Is modern mental health treatment working?

Is modern mental health care effective, or just mumbo jumbo? 
 
Restraint Was An Early 'Modern' Treatment For Mental Illness
Restraint Was An Early 'Modern' Treatment
 
A recent radio debate had a number of callers describing their dependence upon medications to control their mental conditions. In fact many of them appeared to exhibit a drug addicts dependence upon these drugs. “If I don’t get them I act desperately” was a typical sort of opinion. Oddly it was almost as though it was the tablet, not its content that was the need.

The placebo effect, is when a number of people are given a ‘sugar’ drug as a trial control when the real drug is tested. Often the “cure” results for the placebo are as good as, or better than, the actual drug being tested.

This series of callers with their seeming dependence upon the tablet and not the drug, made me wonder exactly how far we have come since Freud rediscovered that people’s anxieties lessened when they talked about them to a therapist. Of course being a doctor, the person they had to talk to had to be a ‘therapist’.

I am not in anyway disparaging Freud’s attempts to organise the study and treatment of mental illness, or his discovery that repressed traumas, such as childhood abuse, often manifest in physical ailments later in life. These were important discoveries and insights; however I do wonder how far treatments have come in the last 100 yrs? The main tools of treatment today are drugs (anti-depressants) and therapy (talking), and how different is that from amulets and a chat with the local shaman?
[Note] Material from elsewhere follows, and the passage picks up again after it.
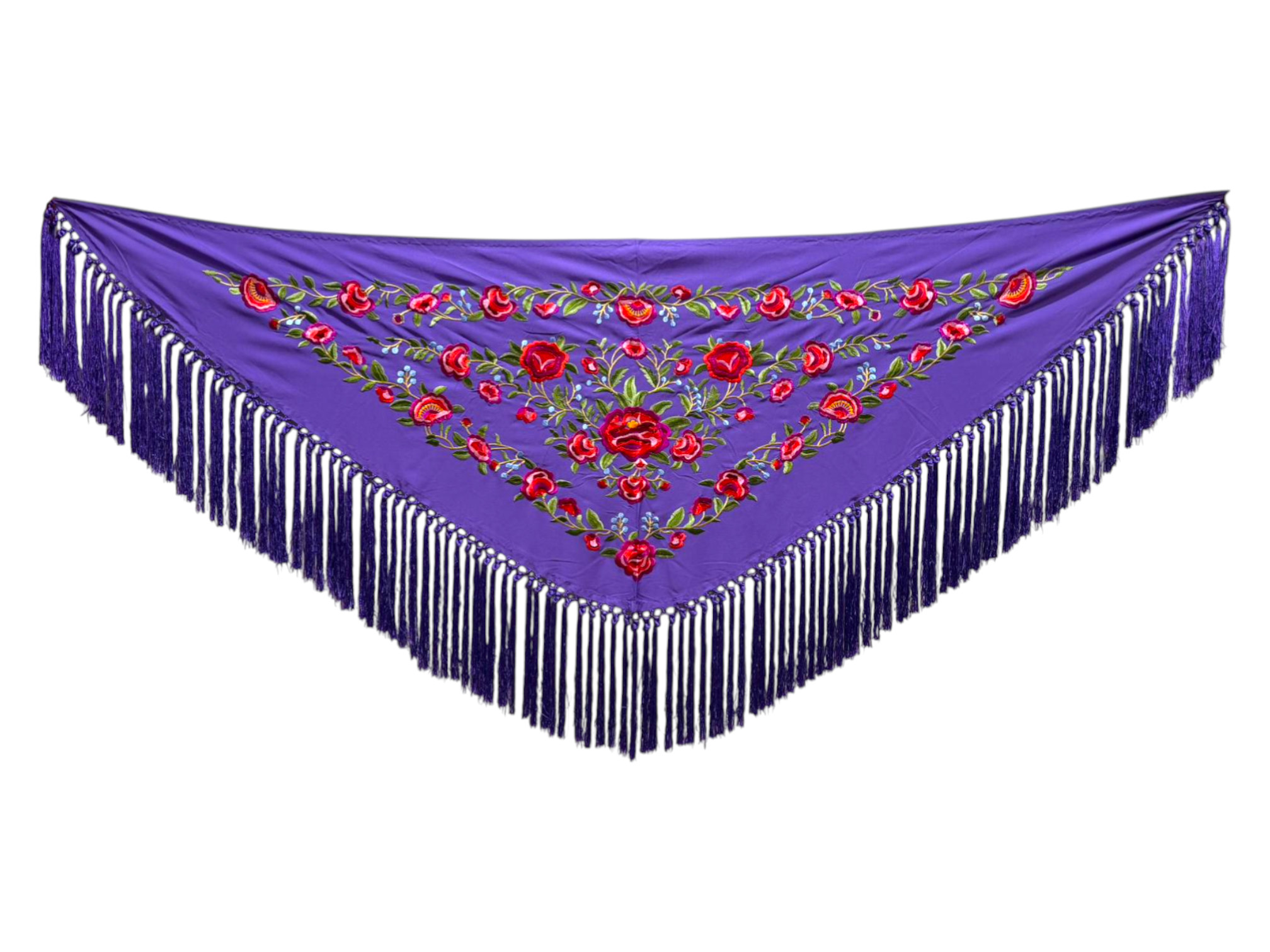 Está rematado con flecado de seda anudado a mano, que aporta movimiento, caída y un acabado tradicional de gran calidad. Fabricado íntegramente en España, es un mantoncillo económico, ideal tanto para feria, romerías, espectáculos o uso profesional.

There is an old English adage that “A trouble shared is a trouble halved”, which surely is the same as Freud’s discovery that talking about troubles eased the mental stress that they caused. In the pre-industrial period people lived in extended families, and naturally talked to them about their problems, but these extended families started to break up when people moved to cities for work, and the incidence of mental health problems appear to have grown ever since.
 
Delirium Tremens May Be The First Human Induced Mental Illness
Delirium Tremens May Be The First Human Induced Mental Illness.
 
Before Freud:

In prehistoric times, there was no division between medicine, magic and religion. In the Stone Age there is evidence of trepanning the skull, and also that parts of the cut skull were used as amulets. In other words a medicine man (Shaman) would treat you with an operation, a religious belief (drugs), and a placebo (an amulet), that warded off further incidences of the illness as long as you believed.

The Egyptians refined this treatment of mental illness, and added occupational therapies and trips down the Nile. Not so different from today!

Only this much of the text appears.